The Buddha-like face became suddenly contorted, and as suddenly grew placid again.
"I know! I know!" Mrs. Sin muttered harshly. "Do you think I am blind! If she had been like any of the others, do you suppose it would have mattered to me? But you respect her--you respect. . . ." Her voice died away to an almost inaudible whisper: "I don't believe you. You are telling me lies. But you have always told me lies; one more does not matter, I suppose. . . . How strong you are. You have hurt my wrists. You will smoke with me now?"
She ceased speaking abruptly, and abruptly resumed again:
"And I do as you wish--I do as you wish.

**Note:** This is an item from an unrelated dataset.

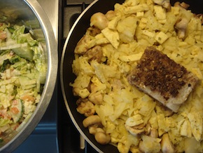 | De gesneden spitskool en de geschilde aardappelen net onder water zetten en gaar koken. De vis schoon spoelen en in de paneermeel leggen. Hierna rustig in de olijf- of walnootolie bakken. De eieren samen met de koffiemelk, peper en Keltisch zeezout mengen en hiervan rustig een omelet bakken. Champignons met de gesnipperde ui bakken. Giet het water uit de pan en stamp de spitskool met de aardappels, voeg er nootmuskaat aan toe. Vervolgens meng je dit met de champignons en ui. De omelet snijd je in kleine reepjes en voeg deze toe aan het geheel. Leg vervolgens de vis hierboven op. Dit geheel is ook lekker met een verse salade. |

How can I keep her from it except by making the price so high that she cannot afford to buy it? I tell you I do it. I bargain for the pink and white boy, Quentin, because I want her to be indebted to him-because I want her to be so sorry for him that she lets him take her away from you! Why should you respect her--"
Silence fell upon the drugged speaker. Sin Sin Wa could be heard crooning softly about the Yellow River and the mountain gods who sent it sweeping down through the valleys where the opium-poppy grows.
"Go, Juan," hissed Mrs. Sin. "I say--go!"
Her voice changed eerily to a deep, mocking bass; and Rita Irvin lying, a pallid wraith of her once lovely self, upon the untidy bed, stirred slightly--her lashes quivering. Her eyes opened and stared straightly upward at the low, dirty ceiling, horror growing in their shadowy depths.